Stressed out with work after being sick and tired of being 'sick and tired' in my bedroom the past week, I found my spirit partially lifted by fiber boards, screw drivers and photocopies. This is my curse. Yup, can't stress it enough...na nenerd-aks na naman ako.

* * *
Do-it-yourself kid strikes again!

With my sister, who makes me look like a superwoman when it comes to procrastinating, finally getting her act together, i gladly offered my help in finding her a cute little work table for her cute little store. Off we went to the mall, and we got one of those inexpensive fiber board modest tables that would perfectly fit the humble space i appropriated for her in my shop. Since we had to take a trike back to the store, we had to buy it broken down. This fact disturbingly excites me cause im seeing an opportunity to flex my barely-there carpentry muscles. This, just plainly disturbs my sister, seeing her thousand bucks going down the drain. Have a little faith, my dear sibling. Who's your sist-ah?
I could hardly contain myself while cutting up the ties that hold the box. To my horror, the instructions came in one eight by eleven paper, in pictures! No words, just letters and numbers and diagrams. My father, who can smell fear a mile away, eggs us on. "Kailangan matapos yan ng 20 minutes, pag hindi mag se-self-destruct yan." He. He. He. Very. Funny. He gave up a hearty laugh when our little project looked like a table in five minutes, only for us to find out we skipped steps 1-7, having read the diagrams backward. Very. Funny.
After a mindblowing (turtle?) pace, the table finally looked work-ready in 45 minutes. We gave ourselves a pat in the back and checked each other for broken nails. My father gave us an approving look and joked that if not for our healthy behinds, we would be his boys. Again. Very. Funny. But i built a table with an Allen wrench and a Philips screw driver, so i couldn't care less. I am just one happy grease monkey.

* * *

Geek flash: I just realized how geeky i was in highschool when the smell of a couple of photocopied papers gave me some warm fuzzy feeling because they remind me of periodical tests. Earth swallow me now!
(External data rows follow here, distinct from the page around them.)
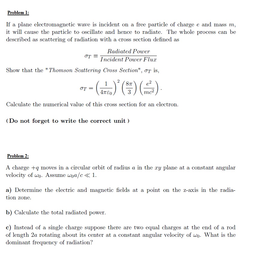 Problem 1: If a plane electromagnetic wave is incident on a free p...
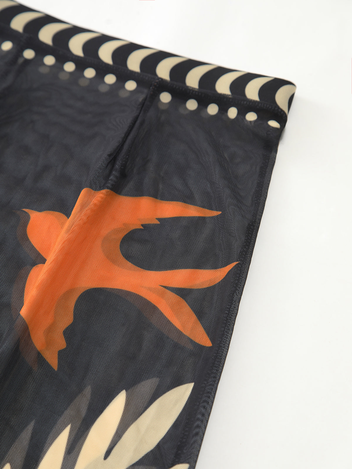 Elegance-Urban presents the Women's Maxi Skirt - Sheer Mesh Cover-Up - Bird Print Flowy Wrap Design! This stylish cover-up boasts a breezy, lightweight feel, perfect for layering. Featuring a unique bird print and flowy silhouette, this maxi skirt elevates your beach or poolside look with ease and elegance.
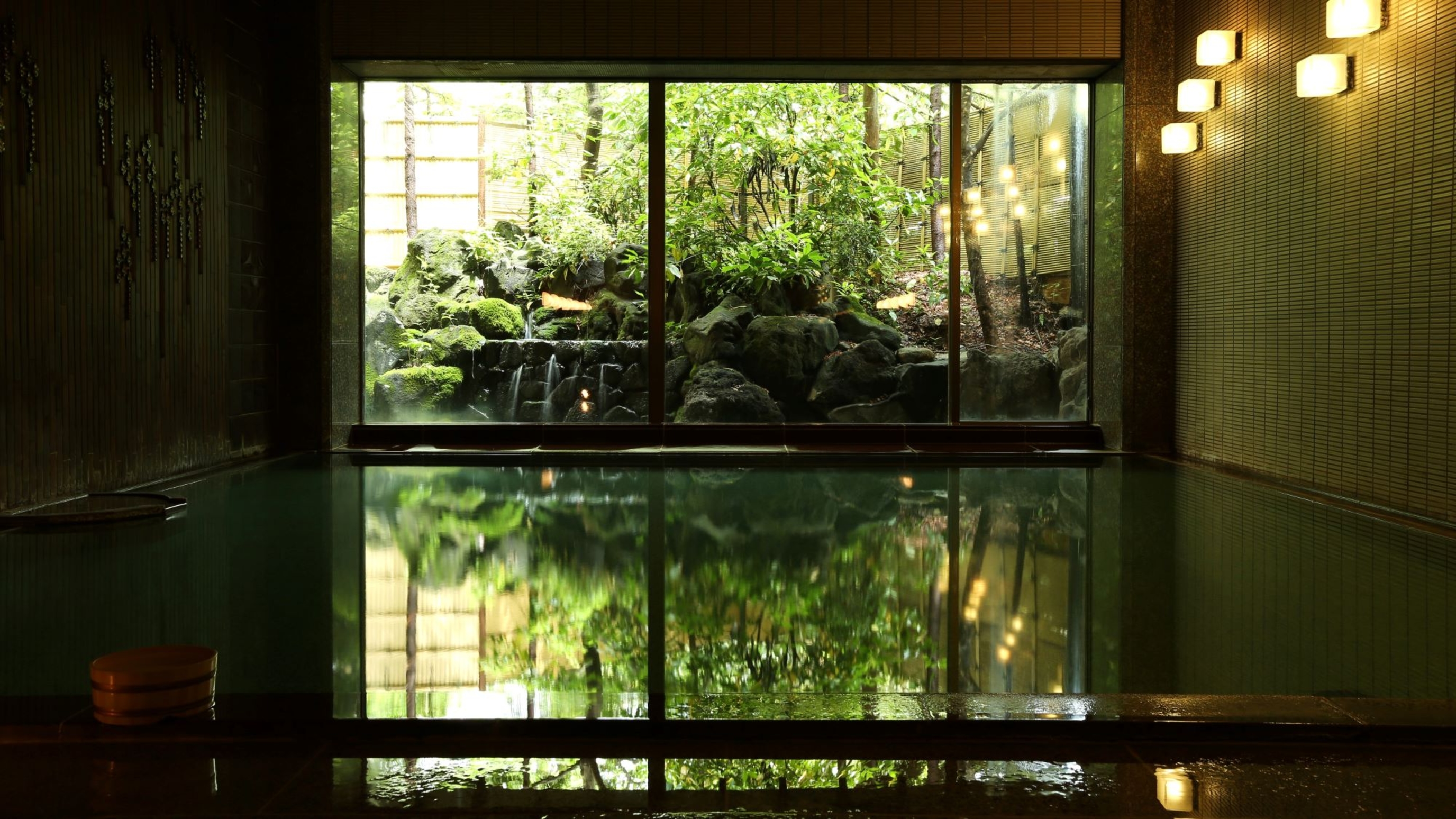 かけ流しの天然温泉は湯量が豊富で滝湯、大浴場、露天、無料の貸切家族風呂などお風呂の種類も豊富です。
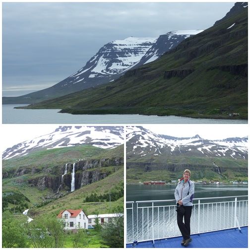 Vanmorgen,donderdag 20 juni, zijn we aangekomen in Seydisfjordur. De zee was erg ruig en we hebben letterlijk de hele nacht liggen rollen in bed. Gelukkig hadden we anti-zeeziektepillen en een wijntje zodat we niet ziek werden.
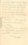 [page 3] I know she is glad to get away for a while. She has been taking liver shots and doesn’t seem to get much better but I think it’s the strain she is under. Irene is taking a 2 week vacation. They are going over to Monticello for a week and then stay home a week. This will be the first time Mrs. J. has been away from Jimmy for about 2 ½ years. I intended to give you a complete acc’t of our finances today but haven’t had time yet to figure things out – have been doing week-end work all morning. Will try to get it for next letter then if you get this one & not the next you will wish it had been in this one.
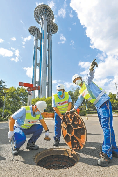 汛期到來前,北京排水集團工作人員進行管線清掏作業(yè)。 北京排水集團供圖
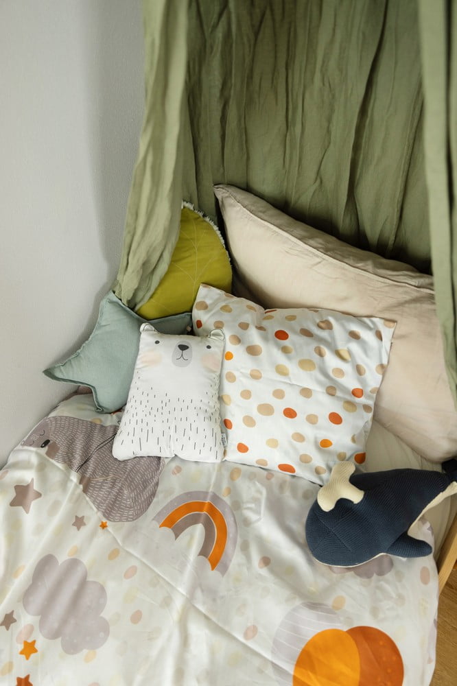 Dīvānu. Dizaina elementu, kas interjerā izskatītos lieliski, turklāt uz tā varētu ērti iekārtoties kopā ar mazuli.

Saturday, January 14, 2006

Not Planning Ahead

Should i finally take the plunge?

No, im not getting married. I love beb with all my heart, but the idea of finally "settling down" with someone for the rest of your freakin' life at this moment still doesn't "settle" with me. At 23, and with the average Filipino lifespan of 85, that means having to sleep with and wake up seeing the same face and smelling the same morning breath for, i don't know, you do the math. I'm sure i'll get to that tipping point someday, but there are things worth more pondering time now than that plunge.

I am not big on plans. I am not one of those people who see themselves married at 25, living in cookie cutter houses in those newly developed preppy subdivisions where soon, their three properly interval-ed kids (two years apart) can play with their english speaking playmates at one of those fancy preschool (hahaha i went too far). I, on the otherhand, used to be one of your annoying classmates who, when asked in your Hello Kitty Slumbook about my ambition replies "I want to be somebody someday." Heck, i don't even believe that. I just dont want blank spaces. Plus, i just love aliteration.

The thing is, I go where the wind blows, so to speak. Unlike those people in caltex commercials, i don't go by short, medium, or long term goals because like the government, i know its just another way of putting yourself up for bigtime disappointment. I am so used to making the best of what fate is hurling at me, that seeing myself at a definite somewhere someday is beyond me. So far fate hasn't given me a letdown, and i'm starting to think i'm getting the hang of things.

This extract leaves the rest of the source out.